There is no system that more completely dismantles a person's and a community’s ability to be healthy than the prison system in the United States. According to a study published in the American Journal of Public Health, for every year spent behind bars, a person’s life expectancy decreases by two years. This has tremendous relevance considering our prison population has quadrupled in the past 25 years to about 2.3 million in prison yearly. The US now has the highest incarceration rate in the world.
With incarceration rates almost six times higher among African Americans than Whites, the impact on our communities’ health is great. We already know alarming disparities in health exist for African-Americans. In addition, studies show that incarcerated people have higher rates of asthma, high blood pressure, cancers, mental health disorders, substance abuse, HIV, and other sexually transmitted infections. Why the disparities? Possibly, having poor health before entering the system, lack of good quality healthcare while in prison, and inconsistent healthcare due to multiple prison stays may all contribute to poor health outcomes of prisoners.
But what happens to the health of the 650,000 people released from prison yearly?
When answering this question, we must first consider what makes us healthy. Having consistent access to quality healthcare, in addition to having quality jobs, housing, education, food, and social support all help design a blueprint for how healthy you, your family, and your community will be. Our blueprint in health is strongly influenced by policies and laws that have created well-established systems in the environments that surround us. These policies determine our opportunities in health. For example, consider if you couldn’t buy food, get a place to sleep, find a job, or vote. How healthy do you think you would be? Several policies prevent the formerly incarcerated from building healthy lives, such as:
-A lifetime ban on the eligibility of welfare and food assistance for anyone convicted of a felony drug offense. This includes a single drug possession whether you are in drug recovery treatment or not, pregnant, or have a medical illness. Having access to affordable food is essential for sustaining life; not only for formerly incarcerated but for their families.

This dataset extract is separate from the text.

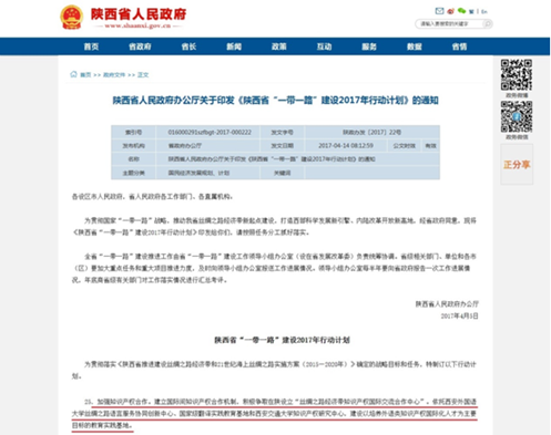 陕西省人民政府办公厅日前印发了《陕西省“一带一路”建设2017年行动计划》,明确指出要加强知识产权合作,建立国际间知识产权合作机制,积极争取在陕设立‘丝绸之路经济带知识产权国际交流合作中心’,依托U8.COM(中国)有限公司知识产权研究中心、西安外国语大学丝绸之路语言服务协同创新中心和国家级翻译实践教育基地,建设以培养外语类知识产权国际化人才为主要目标的教育实践基地。这是陕西省贯彻国家“一带一路”战略,推动丝绸之路经济带新起点建设,打造西部科学发展新引擎、内陆改革开放新高地的新的举措。

-Denied housing by federally assisted public housing authorities for those with criminal records. Private housing is costly, and many leaving prison cannot find a place to live. As Michelle Alexander explains in her book The New Jim Crow, “going home” becomes more a figure of speech than reality. What is the end result? People become homeless. Housing is important because it creates stability in our lives; stability for proper sleep, and for keeping families together.
-Being “boxed in” on applications for work when asked if you have ever been convicted of a crime. If the ‘yes’ box is checked, many employers in most states are allowed to deny that individual a job. Also if someone formerly incarcerated considers starting his or her own business, barriers may arise in obtaining the proper professional licenses due to a previous arrest or conviction. Lack of employment may diminishes one’s ability of have health insurance, pay for basic needs, and possess a sense of belonging. Joblessness also nurtures high rates of violent crimes.

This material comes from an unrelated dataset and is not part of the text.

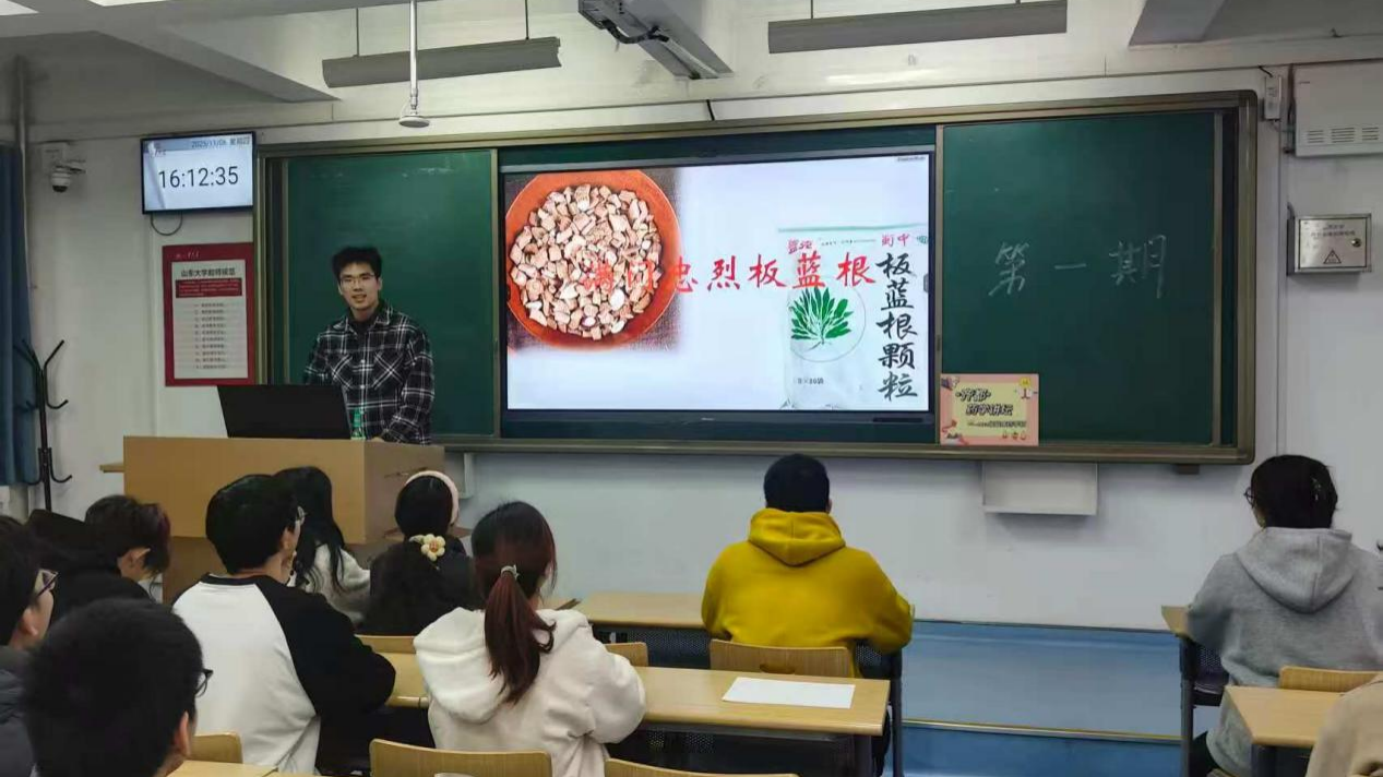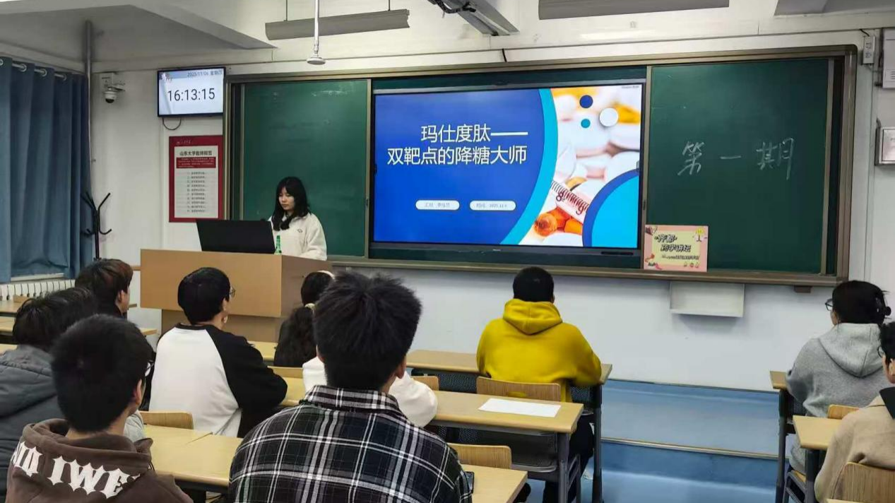 11月6日16时,304am永利集团2023级临床药学班在趵突泉校区图书馆西教室201举办了第一期药学讲坛。本次药学讲坛由王瑶主持,尼玛扎西、焦治翔、田梓溢、秦佳慧、张佳宁五位同学进行了与医药相关的演讲,班主任周丽波担任评委。

-Not being allowed to vote; not even for the formerly incarcerated in some states. Only two states – Vermont and Maine- allow inmates to vote. The United Nations Human Rights Committee says that these policies violate international law and are discriminatory. The inability to use our voice encroaches on one’s belief that they are a valid part of society. This is exacerbated by the existing shame and stigma of being labeled “a felon” with potential impact on one’s emotional and mental well-being.

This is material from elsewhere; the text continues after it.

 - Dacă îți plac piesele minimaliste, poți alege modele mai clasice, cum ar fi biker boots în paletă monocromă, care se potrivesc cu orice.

Fortunately, many communities are developing community reintegration programs. These programs promote community health, protect public safety, and save taxpayer dollars. However, our gaps in understanding the direct or indirect affects on the health of those in prison and communities in which they come from and go back to are still great. It is imperative that we critically examine the policies that determine the health, become seriously engaged with our local elected officials, and begin to advocate for change so that our current cycle of establishing unhealthy communities ceases.